■ Input data
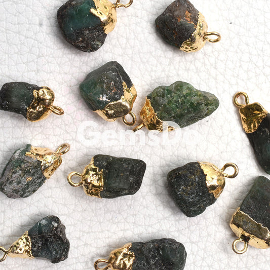 Raw Emerald Gold Electroplated Necklace Pendant - Wholesale Lot Gemstone Connectors
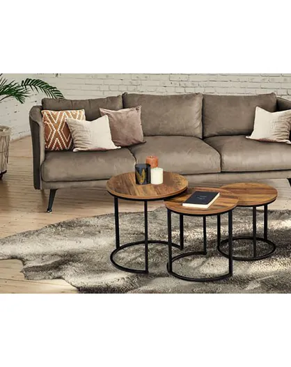 3 mesas de café redondas anidadas de madera y negro Elize, D.35/40/45 cm
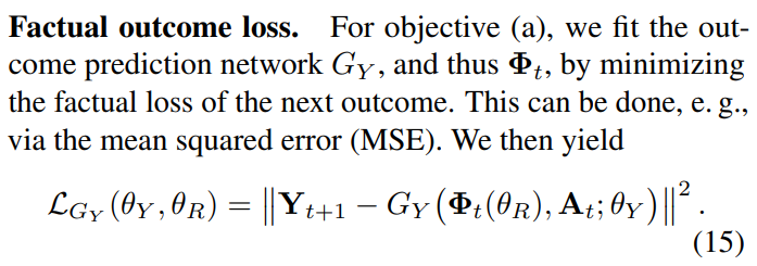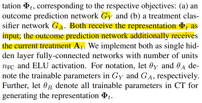 outcome prediction network $G_Y$가 representation $tilde{\Phi}_i$와 현재 treatment $A_t$를 추가로 입력 받음

■ To do
Omit all pictures, and repeat exactly the lines from the line containing "3 mesas de café" through the end of the data.

■ Response area
 3 mesas de café redondas anidadas de madera y negro Elize, D.35/40/45 cm
 outcome prediction network $G_Y$가 representation $tilde{\Phi}_i$와 현재 treatment $A_t$를 추가로 입력 받음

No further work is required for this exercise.